* [ABOUT THIS EXERCISE] Pictures excluded, reproduce exactly the lines below from the one with "The caves have" through the one with "Collar de perlas", both included.

* [RECORDS FOR PROCESSING]
====
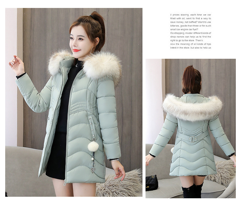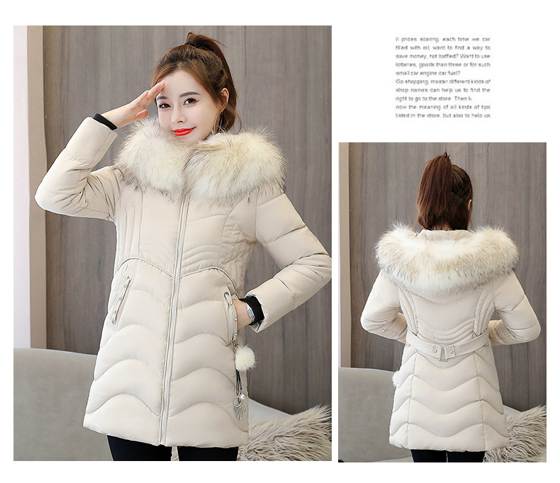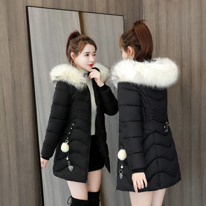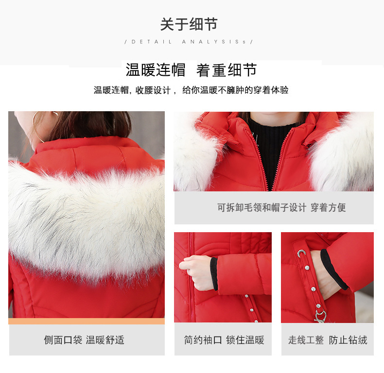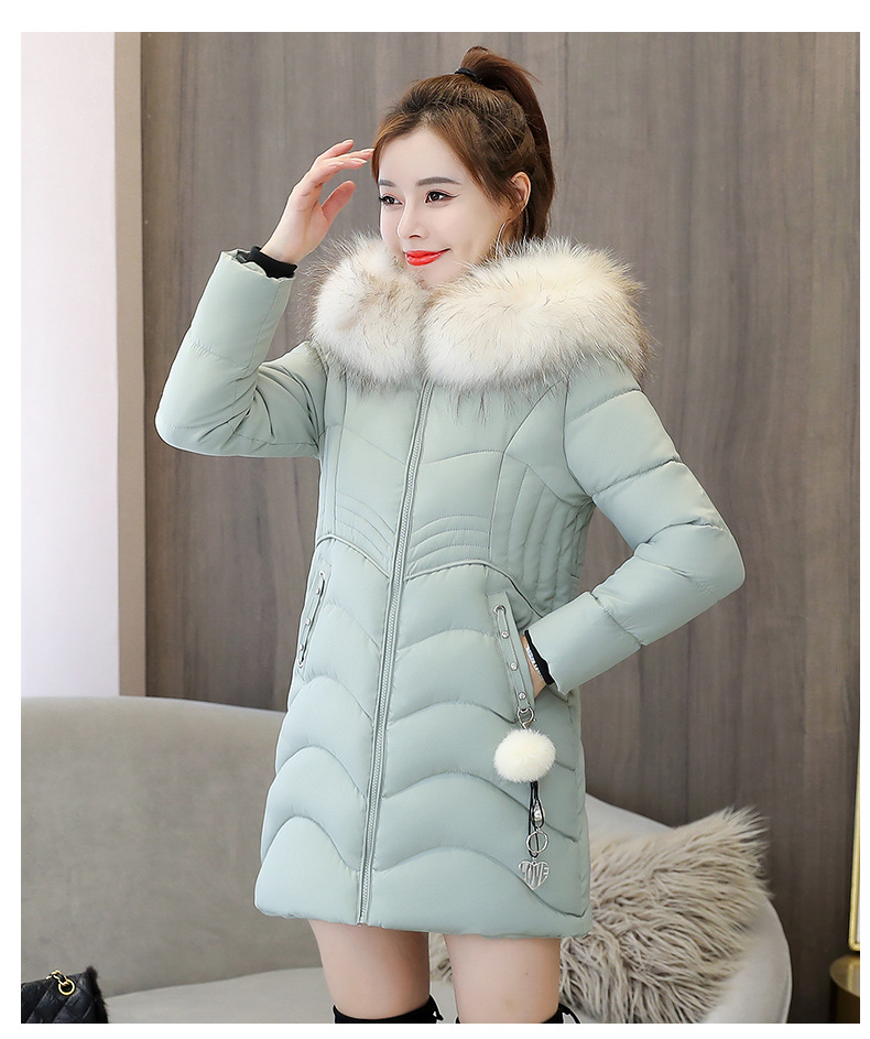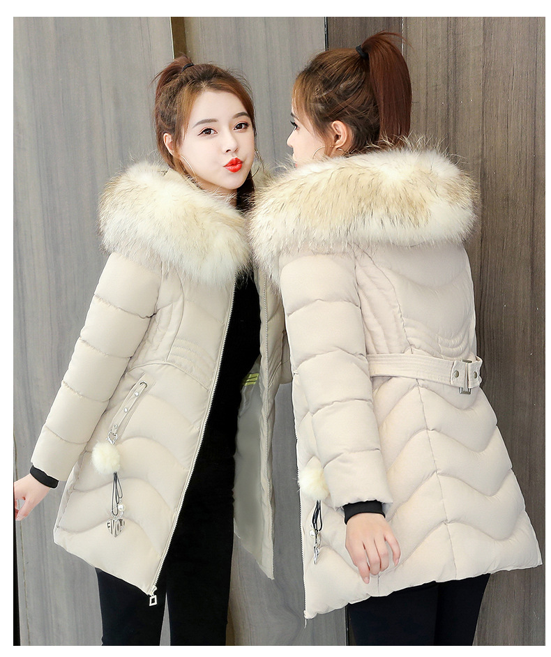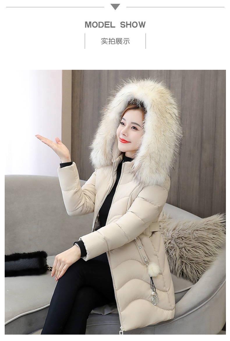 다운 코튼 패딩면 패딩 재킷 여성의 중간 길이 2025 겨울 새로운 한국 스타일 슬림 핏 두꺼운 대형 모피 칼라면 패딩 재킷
====
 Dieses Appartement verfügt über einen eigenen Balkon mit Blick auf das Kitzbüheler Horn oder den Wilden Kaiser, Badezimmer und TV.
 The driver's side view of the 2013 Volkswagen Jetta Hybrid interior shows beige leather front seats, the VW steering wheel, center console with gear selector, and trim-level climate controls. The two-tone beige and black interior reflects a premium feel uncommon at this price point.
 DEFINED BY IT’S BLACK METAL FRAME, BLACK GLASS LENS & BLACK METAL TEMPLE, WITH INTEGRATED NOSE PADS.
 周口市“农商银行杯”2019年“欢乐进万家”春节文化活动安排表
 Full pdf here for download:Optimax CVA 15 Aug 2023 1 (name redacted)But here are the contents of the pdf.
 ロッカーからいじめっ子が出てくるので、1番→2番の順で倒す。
====
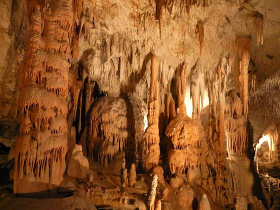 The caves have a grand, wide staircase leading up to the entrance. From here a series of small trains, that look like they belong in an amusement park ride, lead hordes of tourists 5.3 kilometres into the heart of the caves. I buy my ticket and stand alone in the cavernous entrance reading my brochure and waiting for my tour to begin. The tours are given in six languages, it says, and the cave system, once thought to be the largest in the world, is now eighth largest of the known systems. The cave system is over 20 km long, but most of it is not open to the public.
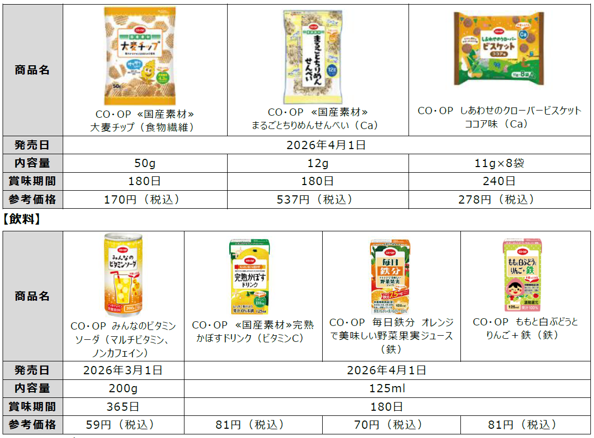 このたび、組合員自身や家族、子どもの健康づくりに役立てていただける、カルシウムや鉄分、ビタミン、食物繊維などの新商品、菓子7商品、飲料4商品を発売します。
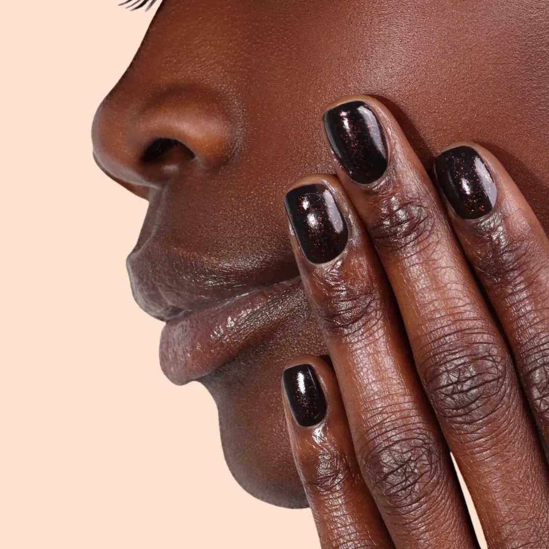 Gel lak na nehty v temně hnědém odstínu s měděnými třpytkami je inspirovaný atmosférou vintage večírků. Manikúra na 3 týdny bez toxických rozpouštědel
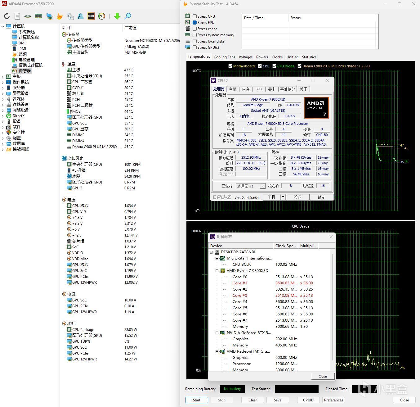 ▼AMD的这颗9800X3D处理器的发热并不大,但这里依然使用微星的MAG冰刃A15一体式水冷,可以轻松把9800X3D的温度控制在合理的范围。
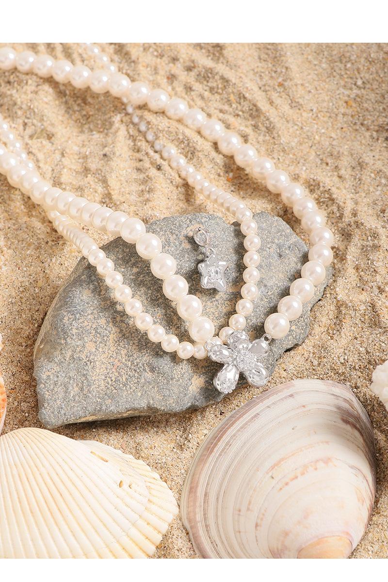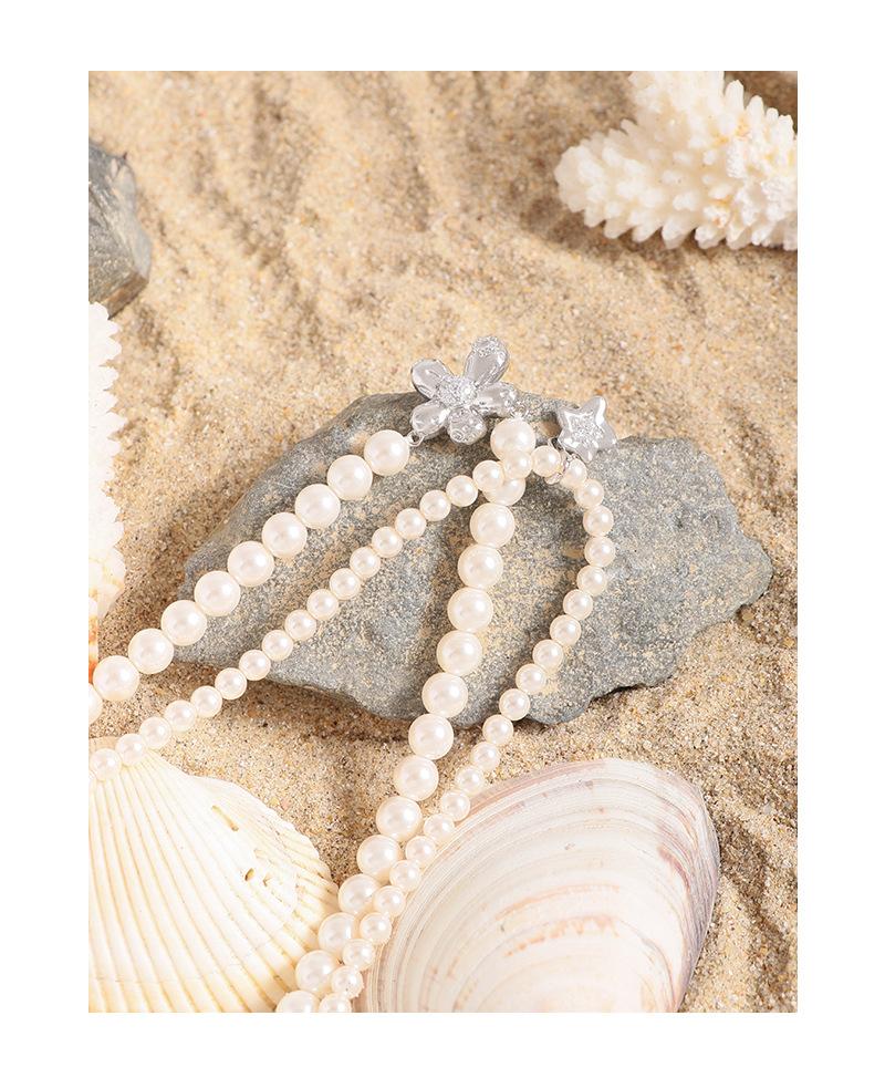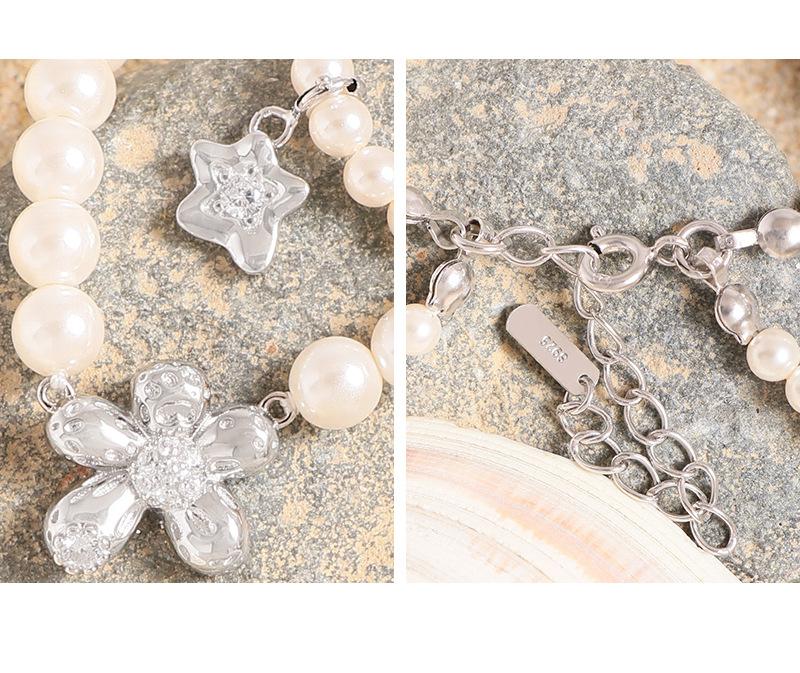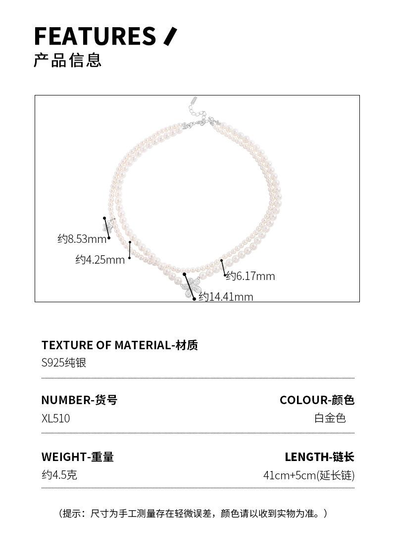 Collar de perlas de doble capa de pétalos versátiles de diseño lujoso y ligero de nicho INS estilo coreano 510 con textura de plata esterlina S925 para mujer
====
* [THE ANSWER]
 The caves have a grand, wide staircase leading up to the entrance. From here a series of small trains, that look like they belong in an amusement park ride, lead hordes of tourists 5.3 kilometres into the heart of the caves. I buy my ticket and stand alone in the cavernous entrance reading my brochure and waiting for my tour to begin. The tours are given in six languages, it says, and the cave system, once thought to be the largest in the world, is now eighth largest of the known systems. The cave system is over 20 km long, but most of it is not open to the public.
 このたび、組合員自身や家族、子どもの健康づくりに役立てていただける、カルシウムや鉄分、ビタミン、食物繊維などの新商品、菓子7商品、飲料4商品を発売します。
 Gel lak na nehty v temně hnědém odstínu s měděnými třpytkami je inspirovaný atmosférou vintage večírků. Manikúra na 3 týdny bez toxických rozpouštědel
 ▼AMD的这颗9800X3D处理器的发热并不大,但这里依然使用微星的MAG冰刃A15一体式水冷,可以轻松把9800X3D的温度控制在合理的范围。
 Collar de perlas de doble capa de pétalos versátiles de diseño lujoso y ligero de nicho INS estilo coreano 510 con textura de plata esterlina S925 para mujer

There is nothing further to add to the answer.